Así, la farsa que supone la falsa encarnación de la argentinidad del voluntario Tokuro
(Kohan, 1999) y la burla que puede leerse en el texto respecto del modo en que asume la
defensa de la patria y de su honor sin matices tienen como reverso aspectos dramáticos;
como descubre Tokuro en su desesperación final, Argentina es un “país llanura” donde
“chistes terminan con muertos” (Lamborghini, 2003: 36).

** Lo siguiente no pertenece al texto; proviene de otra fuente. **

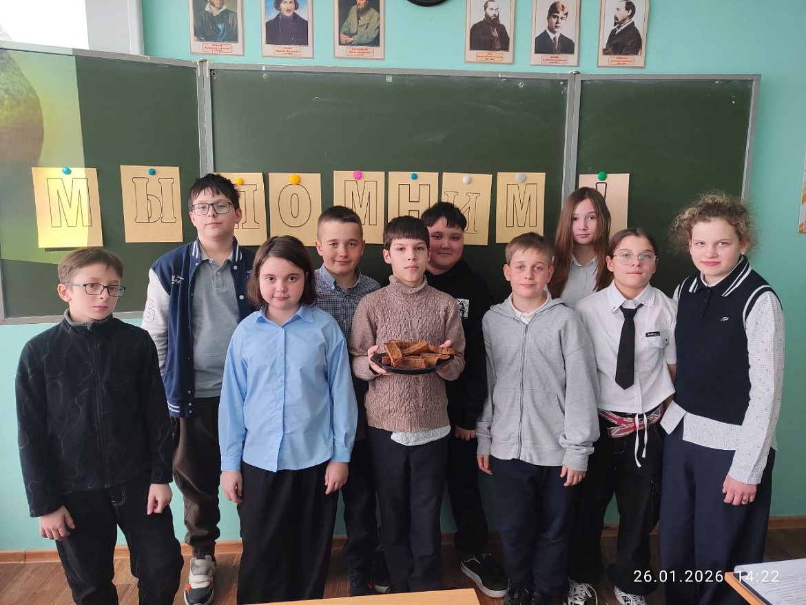 Каждый из учеников получил в этот день кусочек черного хлеба весом в 125 грамм и попробовать его. Держа в руках этот маленький кусочек хлеба, ребята удивлялись «Как этот «Блокадный хлеб» весом всего 125 грамм смог помочь ленинградцам пережить суровые годы блокады, не потерять стойкость, волю и силу духа».

En 1985 el cordobés Fernando López gana el Premio Casa de las Américas con su
novela Arde aún sobre los años, en la que se cuenta la vida de un grupo de adolescentes
en San Tito, un pueblo de Córdoba. La dictadura es el telón de fondo de las historias de
este grupo que descubre la amistad, el amor y el sexo mientras filman una película
policial. En ese sentido, la novela ha sido leída como una “novela de aprendizaje” en la
cual “todos asumirán, modesta e inconscientemente la tarea de alcanzar la propia
identidad” (De Miguel, 1986: en línea). El protagonista y narrador, Cachito, encuentra a
su alter ego y guía, figura característica de las novelas de aprendizaje, en Moro, otro de
los integrantes del grupo, unos años mayor que él. En la crítica que hiciera con ocasión
de la reedición de la novela, en 2007, la crítica señaló la inflexión picaresca de esta novela
de aprendizaje (Zeiger, 2007). Como en la lectura de Schvartzman sobre Los pichiciegos,
aquí la noción de picaresca se liga con la desarticulación de los valores que sostienen la
guerra, y en especial, una guerra como la de Malvinas, tan estrechamente ligada con la
dictadura militar, aunque en muchos casos esa operación no es resultado de operaciones
textuales sino que se realiza directamente por medio de una crítica abierta en boca de
alguno de los personajes, como se ve en el siguiente fragmento, referido al acto del 2 de
abril de 1982 en San Tito:
Me dio por pensar cómo puede cambiar la historia de un país en un día, la historia
del mundo en un instante, cómo se puede, por la magia del entusiasmo popular,
hacerle creer a un general que levantando los brazos en el balcón de la Casa Rosada
se iba a convertir en el nuevo Perón del siglo XX. ¿No eran los mismos militares del
Proceso los que ahora proclamaban el fin del colonialismo? ¿No era la misma CGT
la que llamó a la concentración y esta vez no fue reprimida? Me acordé de los
43
militares peruanos, de los militares de Etiopía, encabezando sendas revoluciones y
me pareció que era posible asistir al nacimiento de una idea novísima de país, de
república, de continente, esbozada sobre la marcha de un suceso extraordinario como
el de ese día. De pronto el sentimiento de rechazo al Turco se convirtió en una
complicidad saludable, con él y con el coronel Medina […] y no pude menos que
emocionarme y empezar a saltar y cantar «el que no salta es un inglés» al ritmo de
los tamboriles. (López, 1985: 128-9)
El principal objeto de las críticas son los discursos que circularon durante el
conflicto. Los discursos políticos y, también, la información, que muy rápidamente
comienza a ser contradictoria “acerca de ciertos hechos, como la recuperación de
Grytviken, o la presencia del submarino Superb frente a la costa de Mar del Plata” (López,
1985: 135). El primer hecho refiere a los sucesos del 25 de abril en las islas Georgias,
donde mientras el Teniente de Navío Alfredo Astiz se rendía sin pelear, diarios y revistas
hablaban de la resistencia heroica de los “Lagartos”. El segundo, a un rumor que comenzó
a circular antes de la guerra y que, durante esta, se convirtió en noticia (Escudero, 1996).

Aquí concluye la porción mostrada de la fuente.